Автор книги: Елена Чижова
Жанр:
Современная проза
сообщить о нарушении
Текущая страница: 2 (всего у книги 7 страниц) [доступный отрывок для чтения: 2 страниц]
ТЕМНО–БАРХАТНАЯ РОЗА
Пожалуй, только теперь я могу оценить бесшабашную смелость того чиновника, который первым придумал это громоздкое название: “Средняя школа с преподаванием ряда предметов на иностранном языке”. Не сомневаюсь, что сам–то он не говорил ни на каком другом, кроме русского, то есть все иные языки были для него не другими, а именно иностранными, теми, на которых говорят в иных странах. Может быть, он мечтал побывать в ином, заграничном, запредельном мире, счастливо вымышленной моделью которого стал для него Первый Московский фестиваль молодежи. А может быть, он всегда, сколько себя помнил, мечтал – как тишайшие дети втайне мечтают стать космонавтами – выучить свободно другой – любой – язык.
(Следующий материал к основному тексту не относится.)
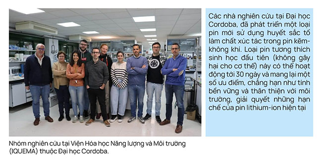 Các nhà khoa học tại Đại học Cordoba ở Tây Ban Nha đã phát triển ra cách kết hợp huyết sắc tố – thành phần chính của tế bào hồng cầu – vào pin, tạo ra một loại pin có thể hoạt động trong khoảng từ 20 đến 30 ngày.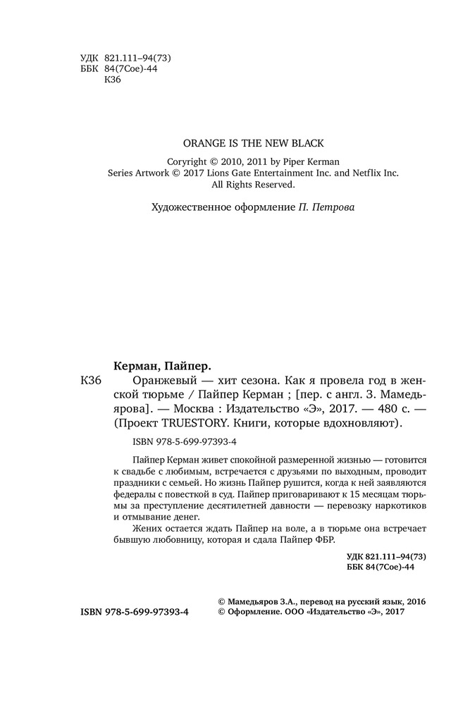 Оранжевый - хит сезона. Как я провела год в женской тюрьмеВ данный момент этот товар отсутствует в продаже. Возможно, у нас найдется аналогичный или похожий товар здесь. Серия: Проект TRUE STORY. Книги, которые вдохновляют Пайпер Керман живет спокойной размеренной жизнью — готовится к свадьбе с любимым, встречается с друзьями по выходным, проводит праздники с семьей. Но жизнь Пайпер рушится, когда к ней заявляются федералы с повесткой в суд. Пайпер приговаривают к 15 месяцам тюрьмы за преступление десятилетней давности — перевозку наркотиков и отмывание денег. Жених остается ждать Пайпер на воле, а в тюрьме она встречает бывшую любовницу, которая и сдала Пайпер ФБР. |

Мечтал, не веря своей мечте. Ну, пусть не он, кто–то другой, но похожий на него, хоть и по–другому одетый, невиданным образом шевелит губами, глотает звуки, внятные не всем, а таким же избранникам. А может быть, его родное дитя подходило к семилетнему рубежу, и он рискнул возложить на ребенка свои, несбывшиеся, надежды. Какой такой ряд предметов он имел в виду? Как не побоялся так неуклюже заявить о своей мечте? Знал ли о том, как – окольными путями – сбывается по слову? Нет ответа.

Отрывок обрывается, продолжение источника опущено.